Electron optics in the Netherlands – deep tech at its best

Philips Electron Optics left a lasting impression on the Dutch high-tech ecosystem, observes Maarten Buijs.
Maarten Buijs

Recently, Karel van der Mast, one of the key players in the transition of Philips Electron Optics to FEI (now part of Thermo Fischer Scientific), was interviewed by René Raaijmakers for High-Tech Systems magazine. Although I’ve spent eight of my most enjoyable working years at FEI in the 2000s, I wasn’t aware of many of the described intricacies and drivers behind the reverse take-over in 1996.

Following the reverse take-over, much to its chagrin, FEI continued to pay for contract research at my department at the Philips Natlab – a lump sum of 300,000 guilders per FTE. They wanted targeted milestones and payments, but research head Ad Huijser was very clear: take it or leave it, it’s not core to Philips so consider it a (paid) favor. That greatly simplified yearly program and contract negotiations with them because my group had several electron optics experts they couldn’t do without. Many later moved to FEI.

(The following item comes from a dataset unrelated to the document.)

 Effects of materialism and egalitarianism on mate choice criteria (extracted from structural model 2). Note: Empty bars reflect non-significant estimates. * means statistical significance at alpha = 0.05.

When I got the opportunity to move there as well, first as head of R&D TEM and later of R&D in Europe, I jumped to the occasion. As Van der Mast relates, the combination of ion and electron beams, the former to dig out sub-surface features and the latter to image them, proved to be the right tool at the right time for Intel and was selling like hot cakes. This allowed (further) investment in corrected, sub-angstrom TEM, cryo-TEM, environmental SEM, monochromation in SEM (resulting in angstrom resolution), digital detection (rather than analog film), plasma sources for ion columns, field-effect emitters for electron sources, tomography and single-particle counting programs, all stretching the capabilities of our equipment to beyond what our competitors were capable of. Our products played a big role in unlocking nanotechnology, which was booming at the start of the century.

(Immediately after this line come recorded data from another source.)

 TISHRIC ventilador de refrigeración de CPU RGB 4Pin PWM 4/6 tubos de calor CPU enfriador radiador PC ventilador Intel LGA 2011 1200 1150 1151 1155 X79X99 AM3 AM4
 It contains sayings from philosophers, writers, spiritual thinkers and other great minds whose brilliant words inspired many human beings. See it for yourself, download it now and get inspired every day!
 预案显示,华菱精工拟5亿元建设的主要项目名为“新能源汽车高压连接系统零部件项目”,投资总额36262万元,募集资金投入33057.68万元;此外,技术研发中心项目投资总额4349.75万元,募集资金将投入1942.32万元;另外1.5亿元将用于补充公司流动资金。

My fascination with system engineering was born here. Close to all of the core components and technologies we developed could be deployed in all the different products: TEM, SEM, SDB, FIB, plasma-FIB, ESEM. The right modular architecture allowed the company to achieve a speed in bringing innovations to market that I’ve seen nowhere else since. Of course, this would have been impossible without the software and systems engineers and architects, working in Hillsboro, Acht and Brno. Managing this was a challenge. Van der Mast mentions the tendency of the US management to control things in the Netherlands, which probably persists today. But, in general, the global R&D community was close-knit and extremely enjoyable to work in.

As can be expected, such a company is a hub of an extending ecosystem in the Netherlands. This isn’t only reflected in significant contributions to academic and engineering programs all over the country but also in the strengthening of other companies, mostly in the form of people. Of course, there was and is some number of engineers going to and coming from ASML, but knowledge embedded in people also contributed to an impressive list of ‘new’ companies like Mapper, which unfortunately went under, Lumicks, Nearfield Instruments, Delmic and Cryosol-World.

The interview of Van der Mast gives a very interesting insight into a defining chapter of the story of electron optics in the Netherlands, a story that deserves to be told as a case study for the deep-tech business.